La fulgurante hausse des hauts revenus

Les revenus des les plus aisés poursuivent leur envolée, selon les dernières analyses de l’Insee

— Par Jean Samblé —

Les travaux récents de l’Insee dressent un portrait sans équivoque de l’évolution des inégalités en France : en vingt ans, les revenus et le patrimoine des ménages les plus riches ont progressé bien plus vite que ceux du reste de la population, creusant un fossé qui ne cesse de s’élargir.

L’étude, qui s’appuie sur les données fiscales de 2022, révèle qu’environ un foyer sur mille appartient désormais à la catégorie des « très hauts revenus ». Pour intégrer ce groupe extrêmement restreint – un peu plus de 40 000 foyers – il fallait déclarer au moins 463 000 euros cette année-là. Leur revenu moyen avoisine pour sa part un million d’euros annuels, provenant en grande partie des revenus du capital (dividendes, plus-values, intérêts), bien davantage que des salaires ou retraites.

Un profil très spécifique : masculins, âgés et parisiens

Ces contribuables se démarquent nettement du reste de la population :

  • Ils vivent majoritairement en Île-de-France, particulièrement à Paris et dans les Hauts-de-Seine.
  • Le premier déclarant a en moyenne 56 ans.
  • Ils sont très souvent en couple marié ou pacsé.
  • Leur patrimoine combine biens immobiliers, placements financiers, assurance vie et souvent un patrimoine professionnel.

Parmi les salariés les mieux rémunérés, on trouve une présence notable de sportifs professionnels : plus d’un tiers du Top 100 des plus hauts salaires du privé est composé de footballeurs de Ligue 1. Les dirigeants d’entreprise et les cadres dirigeants complètent ce classement. Les femmes, en revanche, restent largement sous-représentées : elles ne constituent qu’un quart du top 1 % des salariés les mieux payés, et seulement dix figurent parmi les cent plus hauts revenus.

Un décollage spectaculaire des très hauts revenus depuis 2003

Les données de l’Insee montrent une accélération fulgurante des revenus des 0,1 % les plus aisés. Entre 2003 et 2022, leur revenu moyen a augmenté de 119 %, soit une hausse 2,6 fois plus rapide que celle observée pour l’ensemble des foyers fiscaux.

Les crises économiques successives ont provoqué des variations temporaires, mais la tendance de fond reste la même : la croissance des revenus du capital, la bonne santé des marchés financiers et la hausse de l’immobilier ont contribué à une progression quasi continue.

Résultat :

  • En 2003, ces foyers gagnaient 21 fois plus que la moyenne des autres contribuables.
  • En 2022, ils en gagnent 31 fois plus.
  • Comparés au quart le plus modeste des foyers, l’écart s’est envolé : de 95 fois plus en 2003 à 167 fois plus en 2022.

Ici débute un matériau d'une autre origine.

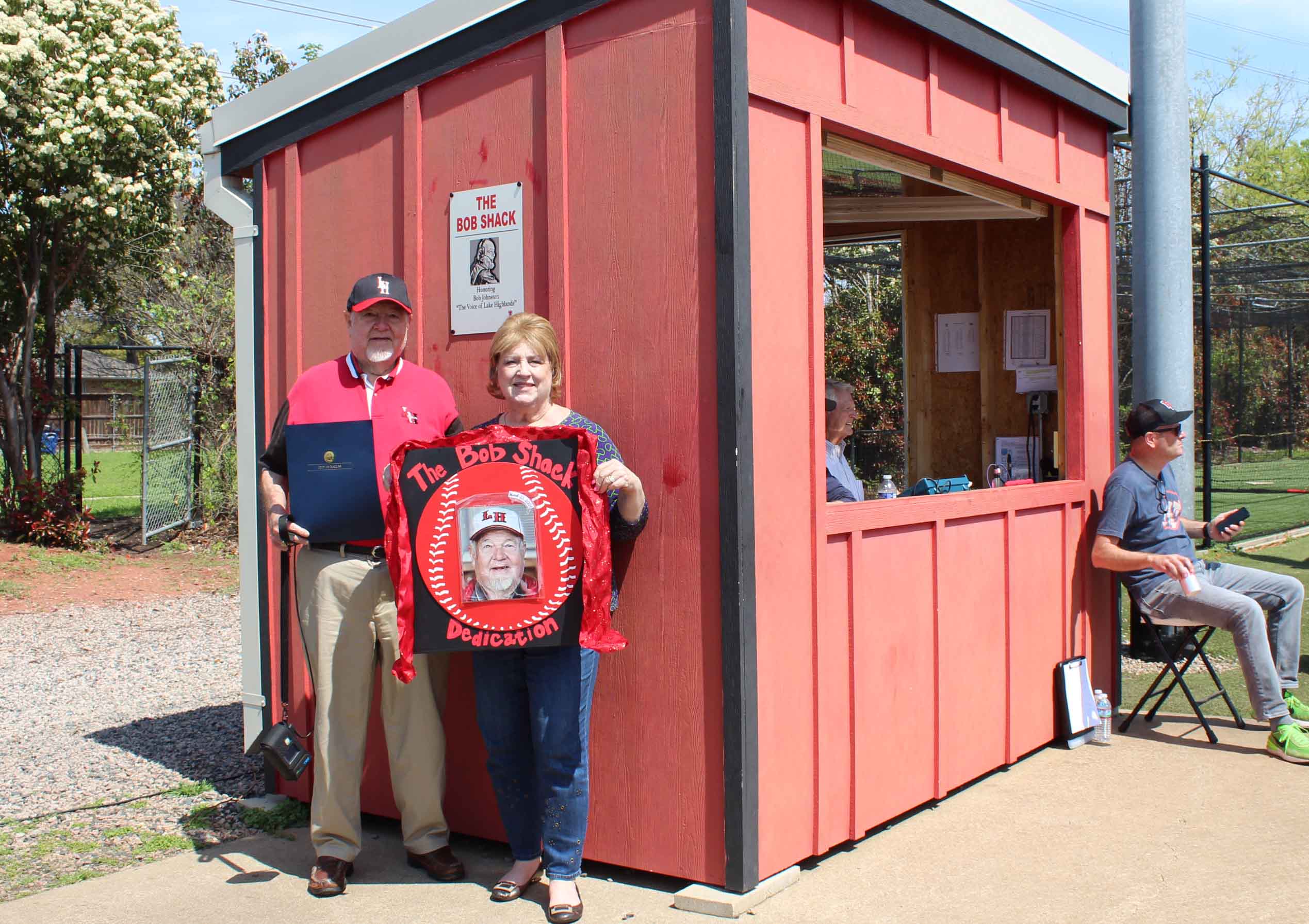 Saturday afternoon, between the JV and varsity games, the Wildcat baseball team dedicated the red press box to Bob, and it will forever forward be known as The Bob Shack. A permanent metal sign was installed with his picture and name.
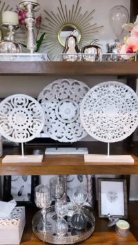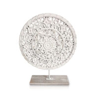 Escultura de madera blanca tallada con flores de estilo marroquí en pie de madera. Para lucir tus estantes, bibliotecas o como objeto deco, tus ambientes se verán más cancheros y glamorosos. Dimensiones: 25x6x33cm
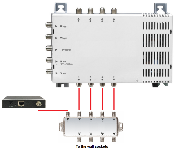 In addition, a SAT/TERR combiner is required. The cables from the LNB are routed through the combiner. This creates a fast data connection between all outputs. Several combiners can be connected to each other via their TERR inputs.
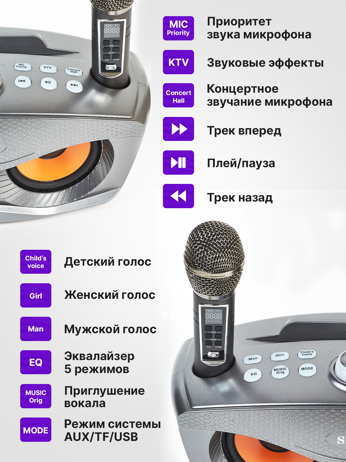 Караоке система с двумя беспроводными микрофонами "SD-306 PLUS" графит информация:
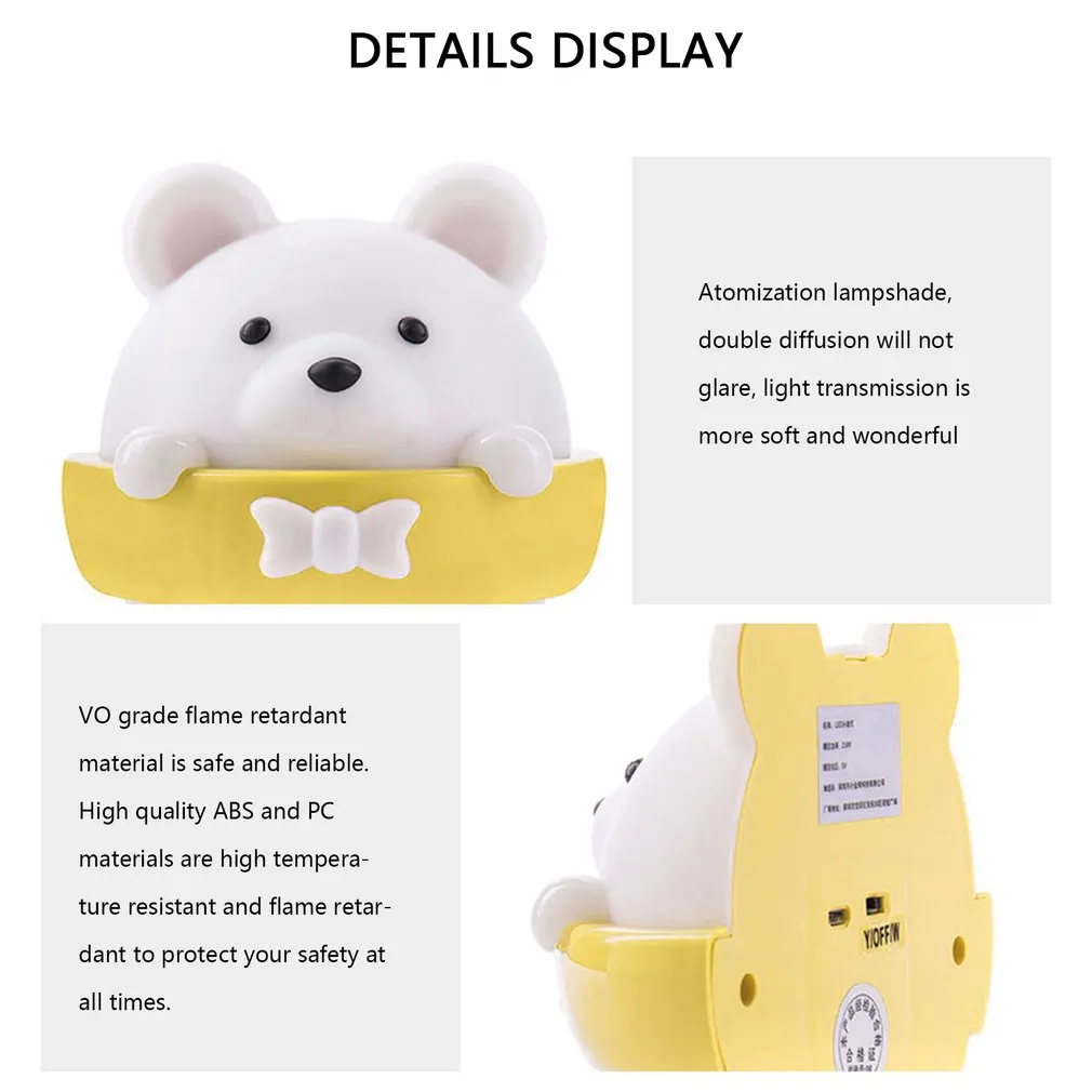 Особенности: 1. Функциональность: пульт дистанционного управления 3-5 м, 3 зубчатая передача, 3 режима светильник, затемнение, адсорбция магнита, простой и стильный, и прост в использовании. 2. Подходит для: Может использоваться в качестве настольной лампы, прикроватной лампы, подходит для детских комнат, коридоров и т. д. 3. Мягкий светильник: светильник мягкий в ночное время, освещает, не стимулируя ваши глаза, не влияя на сон одновременно обеспечивая хороший ночной светильник. 4. Дизайн: разработан с Медвежонок формы, этот светодиодный ночной Светильник проста, стильный, креативный и мило. 5. В качестве подарка: Эта творческая Медвежонок формы светодиодный Ночной светильник с перезаряжаемые пульт дистанционного управления может быть хорошим подарком для ваших друзей и близких. Описание: Эта творческая Медвежонок формы светодиодный Ночной светильник с Забавный внешний вид устройства, многофункциональный, и светильник-мягкие и не стимулирующее вам глаза. Характеристики: Размер: 108*96*58 мм Источник питания лампы: DC5V Вес брутто продукта: 190 г Светодиодный светильник Мощность: 2 Вт 0,2 Вт * 10 светодиодный s Аккумулятор: 1600 мАч литиевая батарея Время использования: 5 минут доступно в течение 5 месяцев Время зарядки: от 3 до 6 часов Посылка включает в себя: 1 * перезаряжаемый Ночной светильник с дистанционным управлением (зарядка через USB, с литиевой батареей 1600 мАч) 1 * клейкий железный лист 1 * зарядный кабель 1 * пульт дистанционного управления 1 * Руководство пользователя
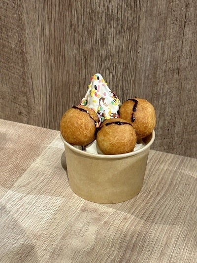 八天堂監修のカスタードソフトともちもちドーナツの相性が抜群です。
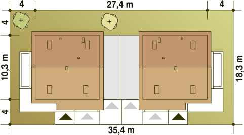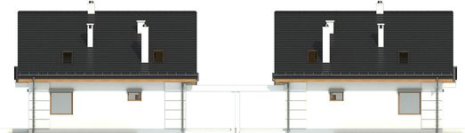 Projekt jest w fazie koncepcji. Przy zakupie projektu należy zapłacić 50% zaliczki. Zaliczka jest bezzwrotna w przypadku zwrotu lub rezygnacji z zamówienia. Budynek dwulokalowy posadowiony na wspólnym fundamencie. Jeśli planujesz budowę na osobnych działkach zamów pojedyncze segmenty: podstawa + lustro.

Une fiscalité qui n’a pas enrayé les inégalités

Bien que les très hauts revenus contribuent fortement au financement de l’impôt sur le revenu – près de 10,7 milliards d’euros en 2022, soit 13 % du total –, leur taux effectif d’imposition a diminué en vingt ans, passant de 29,2 % à 25,7 %.

Les évolutions fiscales expliquent en partie ce mouvement :

  • Sous François Hollande, l’intégration renforcée des revenus du capital dans l’impôt progressif avait temporairement freiné la distribution de dividendes.
  • Le quinquennat d’Emmanuel Macron a introduit le prélèvement forfaitaire unique (PFU), ou « flat tax », rendant la fiscalité des revenus du capital plus avantageuse et contribuant à la remontée rapide des revenus des ultrariches.

Une question politique brûlante

Ces constats apparaissent alors que le Parlement débat du budget 2026. Plusieurs mesures fiscales ciblant les plus aisés sont en discussion, parfois déjà réduites ou rejetées, comme la taxe Zucman, récemment écartée à l’Assemblée nationale.

Malgré l’introduction d’une contribution supplémentaire sur les très hauts revenus et d’une nouvelle taxe sur les holdings patrimoniales, l’avenir du paquet fiscal reste incertain, d’autant que les divergences entre Assemblée et Sénat s’annoncent profondes.